━━━━━ Dataset content ━━━━━
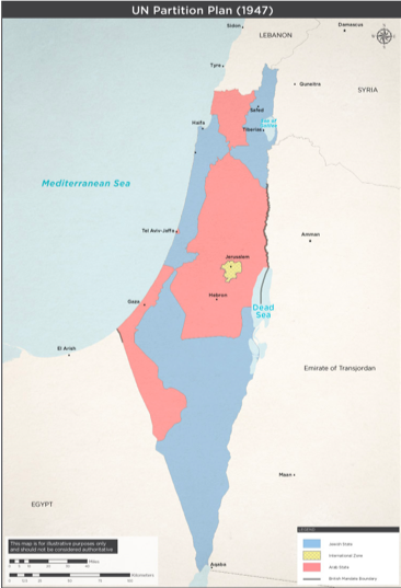 UN decision-making: In the aftermath World War II and the Holocaust, and after thirty years of British rule, during which the British diluted their obligations under the Mandate to promote Jewish immigration and settlement, the UN in 1947 passed the Palestine Partition Plan (Resolution 181). The plan proposed dividing the region west of the Jordan River into a Jewish and an Arab State side by side.
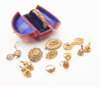 to include a yellow metal bangle with applied filigree detail; two oval yellow metal brooches with gem set detail and glazed pannels to the rear; three yellow metal and gem set rings; various other gem set brooches and earrings (qty)
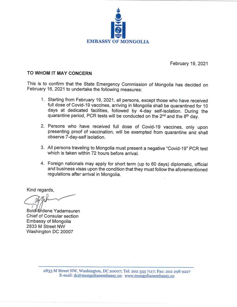 1. 2021 оны 2 дугаар сарын 19-ний өдрөөс эхлэн Монгол Улсын хилээр нэвтрэх, дархлаажуулалтад хамрагдаагүй буюу бүрэн тун аваагүй иргэдийг 10 хоног тусгаарлах бөгөөд тусгаарлалтын 2 болон 8 дахь өдөр “Ковид-19”-ийн PCR шинжилгээ авна. Тусгаарлалтын хугацаа дууссаны дараа 4 хоногийн гэрийн ажиглалтад шилжүүлнэ.
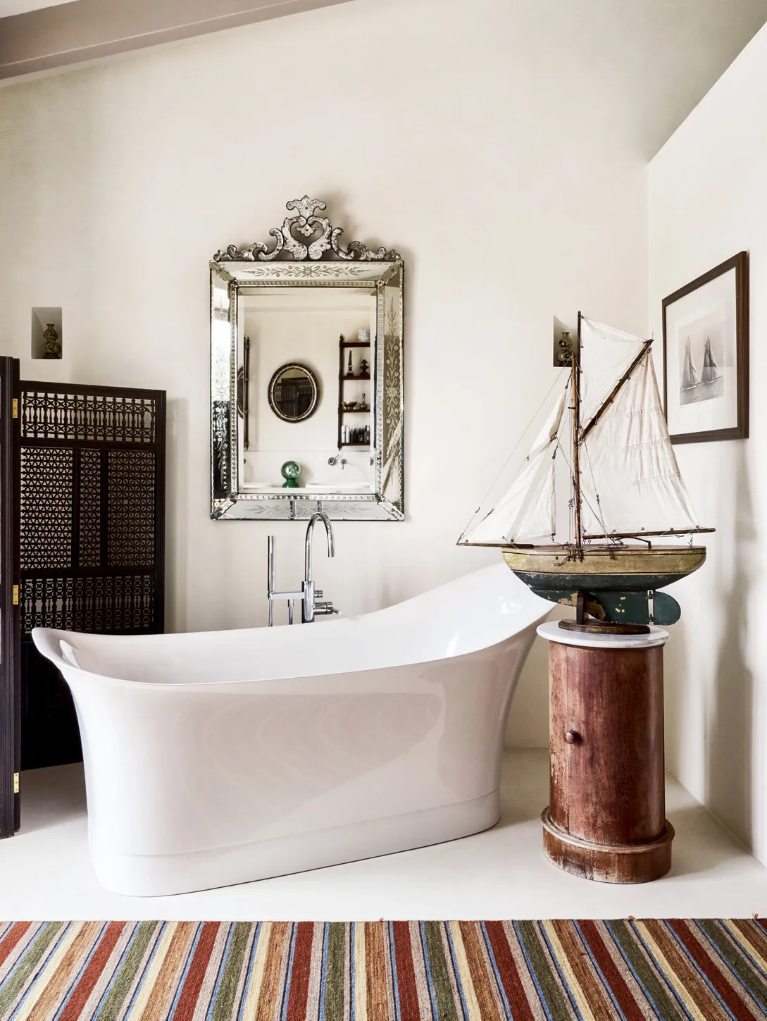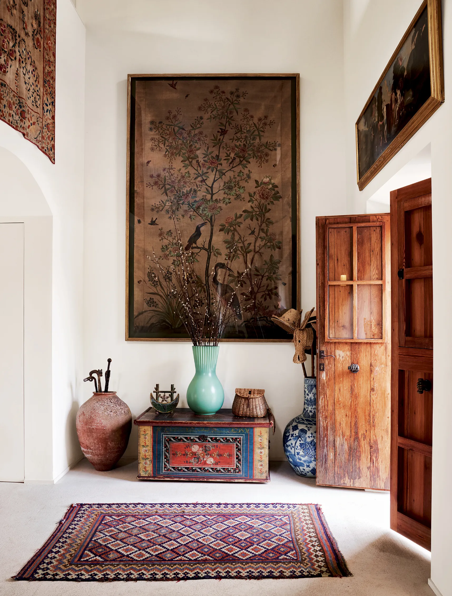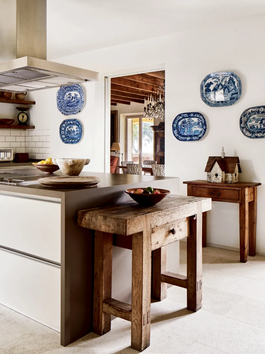 Dom jest mistrzowską klasą w używaniu wzorców. Bielone ściany i białe podłogi z wapienia stanowią neutralne tło, na którym idealnie wygląda radosna mieszanka pasków, kwiatów, lnu i jedwabiu. To sprytna realizacja angielskiej estetyki w hiszpańskiej scenerii. W salonie XVIII-wieczny obraz olejny rodziny Wertzów wypełnia ścianę nad pomarańczowo-różową sofą. Pokój otwiera się z trzech stron na ogród.
━━━━━
» **Requirement**
Look above for the line with "to include a"; quote it and every line after it, stopping after the line with "1. 2021 оны", exactly, with nothing added and without pictures.

» **Written answer**
 to include a yellow metal bangle with applied filigree detail; two oval yellow metal brooches with gem set detail and glazed pannels to the rear; three yellow metal and gem set rings; various other gem set brooches and earrings (qty)
 1. 2021 оны 2 дугаар сарын 19-ний өдрөөс эхлэн Монгол Улсын хилээр нэвтрэх, дархлаажуулалтад хамрагдаагүй буюу бүрэн тун аваагүй иргэдийг 10 хоног тусгаарлах бөгөөд тусгаарлалтын 2 болон 8 дахь өдөр “Ковид-19”-ийн PCR шинжилгээ авна. Тусгаарлалтын хугацаа дууссаны дараа 4 хоногийн гэрийн ажиглалтад шилжүүлнэ.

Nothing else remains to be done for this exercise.